More people in the world now own a mobile phone than do a toothbrush. That means that if you dismiss mobile as a means of marketing, then you’re potentially missing out on a huge audience. Not everyone still accesses the net on a desktop PC anymore; increasingly, people are using smartphones and tablets to carry out all manner of entertainment and productivity tasks.

The mobile advertising market too is massive. It’s thought that in the US alone, by 2019 mobile will account for 72% of the digital ad spend. Further to this, by the same year, the mobile/desktop gap in spending will widen by over 40% (in favour of mobile). And by 2018, it’s expected that digital advertising will finally surpass TV advertising in terms of how much revenue is generated.

According to Gartner’s Stephanie Baghdassarian,

“The mobile advertising market took off even faster than we expected due to an increased uptake in smartphones and tablets, as well as the merger of consumer behaviors on computers and mobile devices. Growth in mobile advertising comes in part at the expense of print formats, especially local newspapers, which currently face much lower ad yields as a result of mobile publishing initiatives.”

However, there are many choices when it comes to mobile advertising and initially, this can be daunting.

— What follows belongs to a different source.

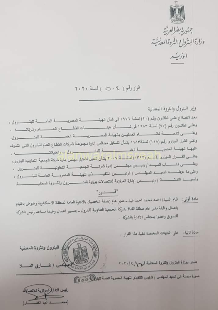 قيام المهندس/احمد محمد عيد مدير عام منطقة القناه وعضو مجلس الاداره المنتخب بتسيير أعمال مساعد رئيس الشركه للتسويق وعضو مجلس إدارة بالتعيين اعتبارآ من 2020/2/16 وعليه يتم تصعيد الاستاذ/على ابوهاشم إلى عضوية مجلس الاداره ليحل محل المهندس أحمد عيد حيث انه الثالث فئات بانتخابات يونيو 2018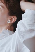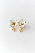 ポリマークレイで手作りした花にビンテージ感のあるゴールドペイントを施し、アクセントに淡水パールをプラス。つぶつぶの実や葉をイメージしワイヤーで編んだガラスビーズは、短いチェーンでつないでいるため揺れ感が楽しめます。また、取りはずしてワンポイントピアスとしてもお使いいただます。

Mobile ad formats include:

  • Apps – develop your own app or advertise in another app
  • Banner ads – tend to perform better on mobile than desktop
  • Native ads – a study found that viewers looked at native ads 52% more often than they did banner ads
  • SMS – these are strictly regulated and requires users to opt in
  • MMS – uses rich media and is subject to the same regulation as SMS
  • PPC – search engines allow you to craft ads that will be served on mobile devices
  • Voice over – similar to a radio ad, this allows you to create a voice ad that will cut into the service that is active such as Spotify free version
  • Video – short video ads (ideally around the length of a Vine) can be very effective
  • Social – it’s worth singling social out from in-app advertising (although it’s really the same thing) as there is a huge audience at your fingertips
  • Location based – you must take care when it comes to privacy and permissions with location-based ads, but it’s becoming more popular as companies such as Foursquare enter the fray.

So before embarking on a mobile ad campaign, it will be necessary to put in some research to see which format might best work for your brand.

Consider the Whole Picture

With inbound marketing, I consider it to be important to look at the whole picture and to approach it holistically. Successful inbound marketing rarely relies on one channel, and is always looking for innovative ways to improve and considers strategy to be at the heart of the discipline.

When done well, inbound marketing can be incredibly effective and rather than just send out messages to a somewhat disinterested audience – as outbound marketing does – allows a brand to build relationships that result in loyal customers, brand advocates and for the business itself, strong growth.